Easier, less invasive COVID-19 testing coming to Utah
SALT LAKE COUNTY – Changes are coming to COVID-19 testing sites run by the University of Utah and ARUP. They’re switching to a saliva sample-based test, which they say is safer and not nearly as invasive as the nasal swabs they currently use.
Researchers at ARUP and University of Utah Health used samples from over 360 volunteers getting tested for the virus. Each patient was asked to go through three separate exams to see which was most effective.
- The traditional nasal swab performed by a lab technician
- A nasal swab self-collected by the patient
- A self-collected saliva sample
Researchers say the results from the self-collected nasal swabs were not as effective as the other methods. However, the University of Utah Infectious Disease Doctor Kimberly Hanson says the results were very promising from the saliva samples.
She says, “Saliva looks to be just as effective as the standard deep swabs.”
If you have ever been tested for COVID-19 or for the flu, you know how uncomfortable the test can be. A lab technician shoves a long swab all the way back into your nose.
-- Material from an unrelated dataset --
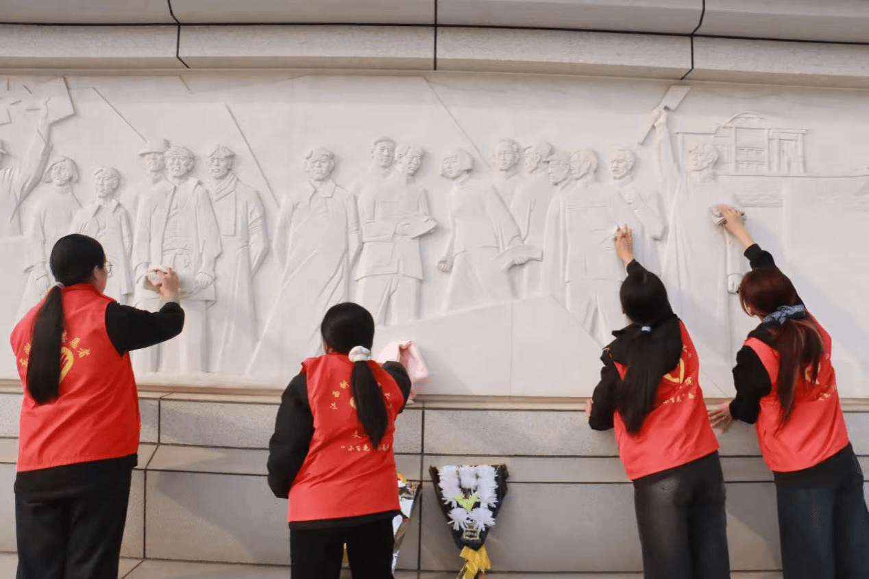 团员青年们化身“英烈守护者”,在烈士雕塑前开展清洁志愿活动。他们俯身轻拭基座上的英烈姓名,踮脚拂去雕塑高处的尘埃,动作轻柔而坚定;擦拭间隙,大家轻声探寻雕塑背后的英雄事迹,让平凡的劳动化作一场跨越时空的精神对话,更让“守护英烈”的信念,从赤诚初心变为躬身践行的使命担当。

The technician has to be close to the potentially infected patient, and the test makes many people cough or gag. However, with a saliva sample, the lab worker can wait behind plexiglass while the patient simply spits into a tube with the testing solution inside.
“It’s easier to collect and it’s probably safer for the health care worker as well because spitting saliva into a tube is less likely to generate infectious aerosols,” Hanson says.
With this new kind of testing, lab workers won’t have to wear heavy layers of personal protective equipment according to ARUP Chief Medical Officer Dr. Julio Delgado. The results of their shared study have been peer-reviewed ad published in the Journal of Clinical Microbiology.
However, Delgado says there likely won’t be a home version of this test.
“At this point, the FDA only authorizes saliva testing if the sample is collected in a health care facility or is being observed by a health care worker,” he says.
The new testing system isn’t quite ready for the general public. Doctor Richard Orlandi with the University of Utah Health says they expect to have it ready to go by mid-September, at the latest.
“We anticipate having this in the next two to three weeks available at our testing sites,” says Orlandi.